=== Task brief ===
Repeat exactly the lines of the entries below from the one with "وَفِي ذِكْرِهِ تَعَالَى" through the one with "전남에서 광양시가 유일하게", both ends included, and nothing else.

=== Extracted material ===
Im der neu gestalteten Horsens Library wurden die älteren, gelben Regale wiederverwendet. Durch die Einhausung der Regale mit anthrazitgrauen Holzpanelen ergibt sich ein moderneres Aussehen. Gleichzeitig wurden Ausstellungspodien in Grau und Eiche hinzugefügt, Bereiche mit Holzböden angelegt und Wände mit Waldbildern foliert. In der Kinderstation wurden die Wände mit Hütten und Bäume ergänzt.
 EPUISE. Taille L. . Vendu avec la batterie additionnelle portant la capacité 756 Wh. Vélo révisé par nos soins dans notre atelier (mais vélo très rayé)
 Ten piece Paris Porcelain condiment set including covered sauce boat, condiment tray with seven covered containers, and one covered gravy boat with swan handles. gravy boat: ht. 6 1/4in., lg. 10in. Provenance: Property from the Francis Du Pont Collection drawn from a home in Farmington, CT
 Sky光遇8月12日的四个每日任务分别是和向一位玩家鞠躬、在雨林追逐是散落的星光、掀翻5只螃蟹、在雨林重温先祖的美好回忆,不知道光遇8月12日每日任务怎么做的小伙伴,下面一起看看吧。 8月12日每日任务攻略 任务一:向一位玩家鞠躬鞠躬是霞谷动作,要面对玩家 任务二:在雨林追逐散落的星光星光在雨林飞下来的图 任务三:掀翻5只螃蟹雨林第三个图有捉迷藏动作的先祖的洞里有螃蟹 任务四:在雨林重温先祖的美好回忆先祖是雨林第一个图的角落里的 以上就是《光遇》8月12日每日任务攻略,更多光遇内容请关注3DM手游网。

...

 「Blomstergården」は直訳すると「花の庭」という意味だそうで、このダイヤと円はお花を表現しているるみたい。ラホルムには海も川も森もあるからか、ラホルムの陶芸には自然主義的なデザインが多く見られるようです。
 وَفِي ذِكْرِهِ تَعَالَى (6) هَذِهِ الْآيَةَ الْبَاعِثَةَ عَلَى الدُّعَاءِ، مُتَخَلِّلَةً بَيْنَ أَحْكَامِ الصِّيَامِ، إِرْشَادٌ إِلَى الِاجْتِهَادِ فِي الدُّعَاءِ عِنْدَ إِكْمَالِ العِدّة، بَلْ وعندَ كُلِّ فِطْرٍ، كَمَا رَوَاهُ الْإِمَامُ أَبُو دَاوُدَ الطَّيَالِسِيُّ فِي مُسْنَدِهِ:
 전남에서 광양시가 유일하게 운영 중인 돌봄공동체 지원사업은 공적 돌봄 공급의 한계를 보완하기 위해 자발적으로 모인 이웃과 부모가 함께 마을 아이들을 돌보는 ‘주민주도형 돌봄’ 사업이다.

=== Response area ===
 وَفِي ذِكْرِهِ تَعَالَى (6) هَذِهِ الْآيَةَ الْبَاعِثَةَ عَلَى الدُّعَاءِ، مُتَخَلِّلَةً بَيْنَ أَحْكَامِ الصِّيَامِ، إِرْشَادٌ إِلَى الِاجْتِهَادِ فِي الدُّعَاءِ عِنْدَ إِكْمَالِ العِدّة، بَلْ وعندَ كُلِّ فِطْرٍ، كَمَا رَوَاهُ الْإِمَامُ أَبُو دَاوُدَ الطَّيَالِسِيُّ فِي مُسْنَدِهِ:
 전남에서 광양시가 유일하게 운영 중인 돌봄공동체 지원사업은 공적 돌봄 공급의 한계를 보완하기 위해 자발적으로 모인 이웃과 부모가 함께 마을 아이들을 돌보는 ‘주민주도형 돌봄’ 사업이다.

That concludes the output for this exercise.